_Your instructions_
Lines from the one containing "Универсал, сеть магазинов" through the last line of the data are to be returned exactly, both ends included, minus any pictures.

Data extracted from a collection:
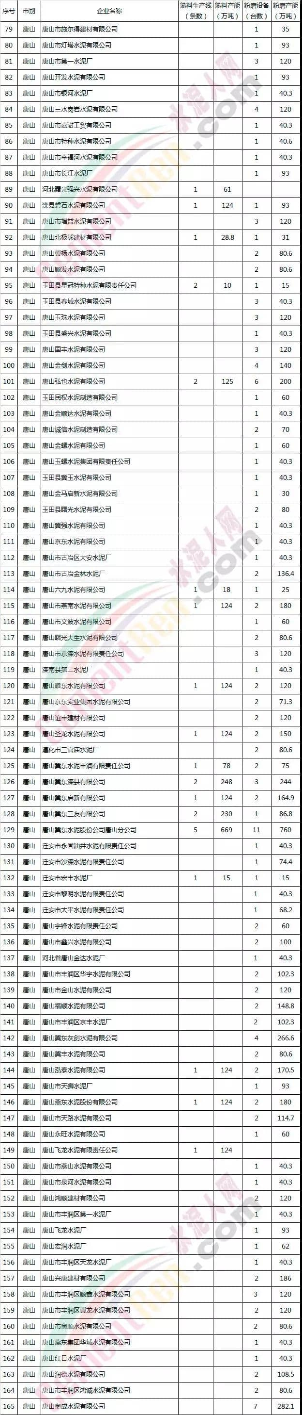 唐山市部分水泥熟料生產(chǎn)企業(yè)名單
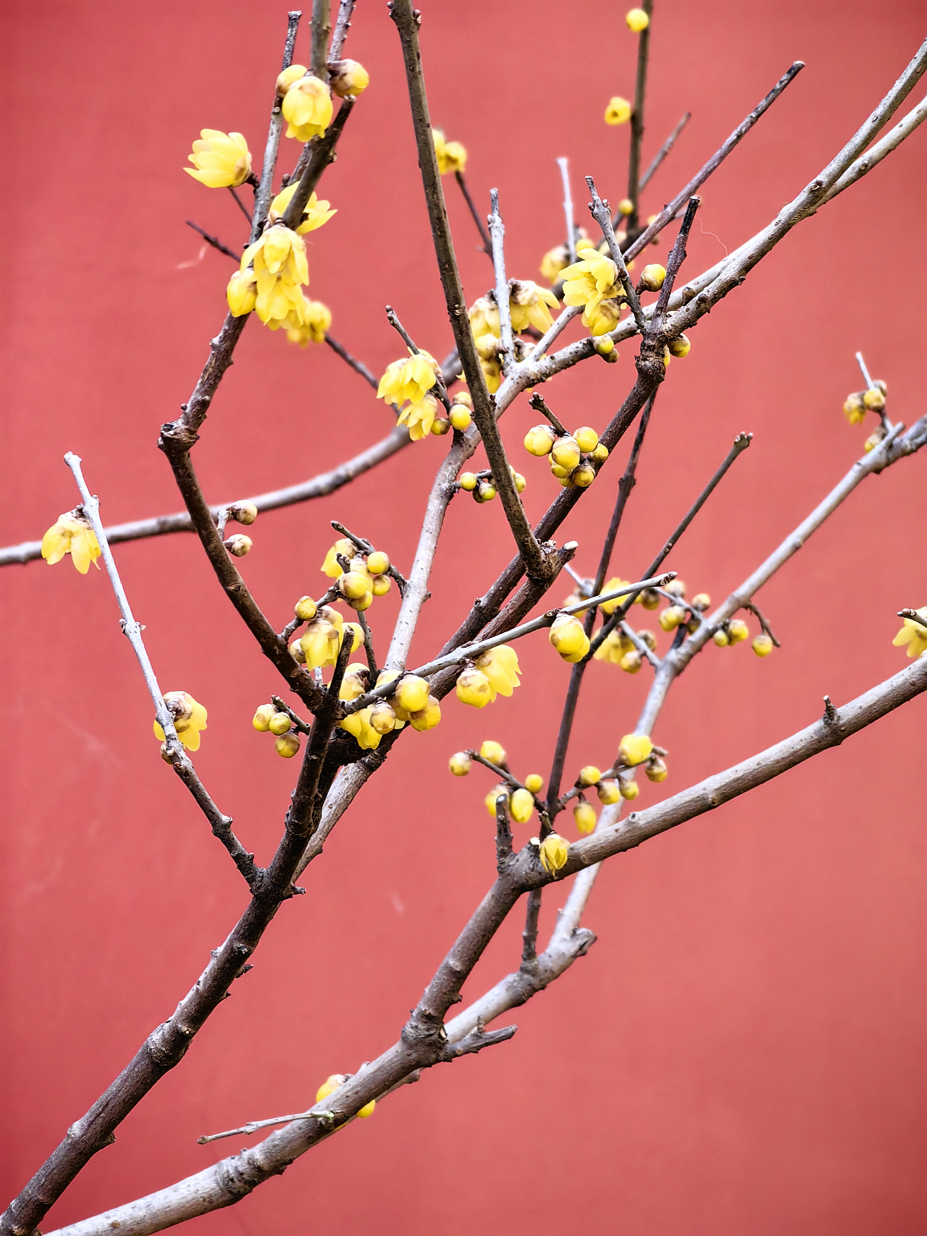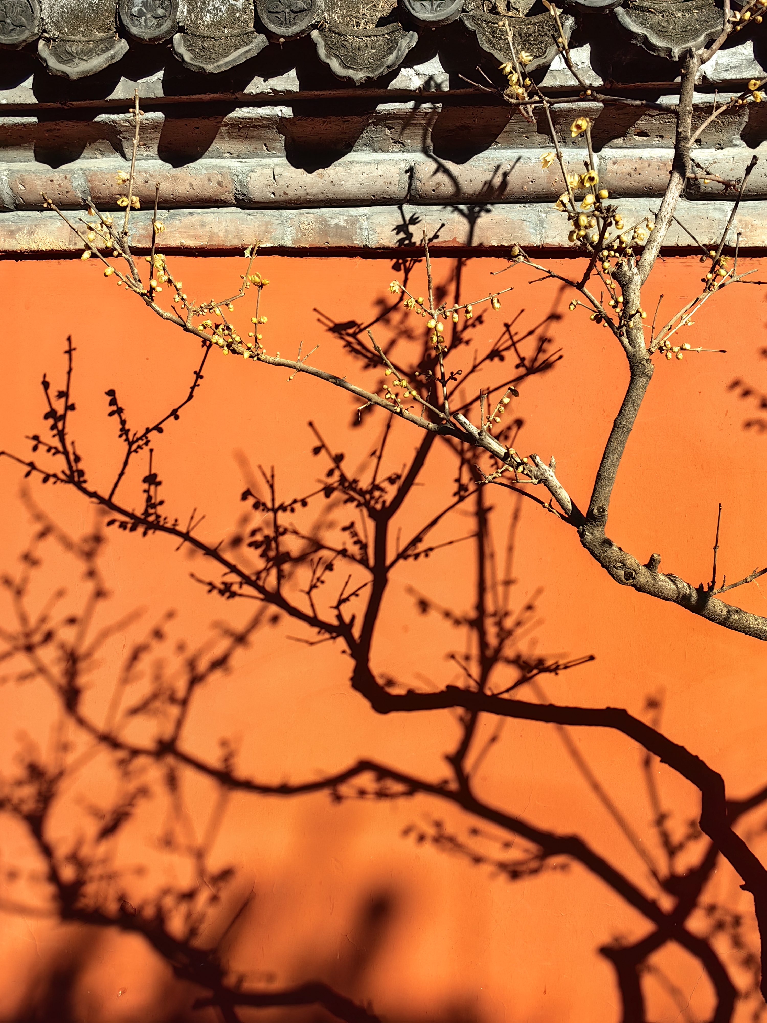 A photo series infused with delicate fragrance! Against the deep red walls of Beijing's Wofo Temple, also known as the Reclining Buddha Temple, golden wintersweet blossoms create a stunning scene. Their sweet scent lingers in the air, inviting visitors to immerse themselves in the temple's tranquil charm.
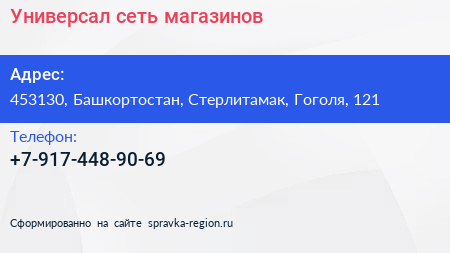 Универсал, сеть магазинов по адресу 453130, Башкортостан, Стерлитамак, Гоголя, 121 в дальнейшем Организация, размещена в следующих категориях:
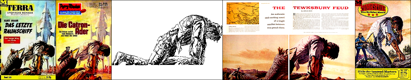1 und 2 gleiches Bild, leicht überarbeitet (Mann in 2 mit Pistole am Gürtel ergänzt), 4 Vorbild für Nachzeich-nung, 5 ähnlicher Mann, aber kniend |
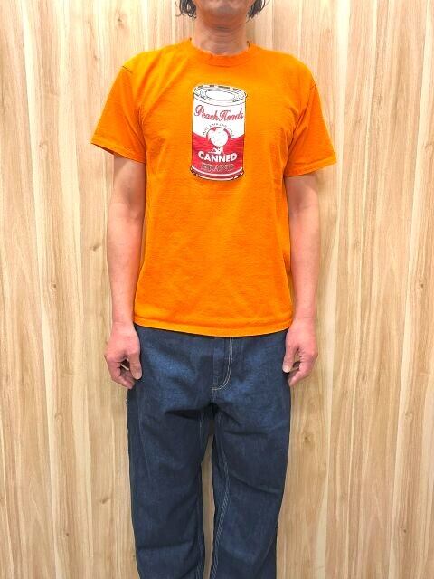 当店のオリジナルキャラ Peach Headsより、“ピーチ缶”Tシャツです。

_Response to this task_
 Универсал, сеть магазинов по адресу 453130, Башкортостан, Стерлитамак, Гоголя, 121 в дальнейшем Организация, размещена в следующих категориях:
1 und 2 gleiches Bild, leicht überarbeitet (Mann in 2 mit Pistole am Gürtel ergänzt), 4 Vorbild für Nachzeich-nung, 5 ähnlicher Mann, aber kniend |
 当店のオリジナルキャラ Peach Headsより、“ピーチ缶”Tシャツです。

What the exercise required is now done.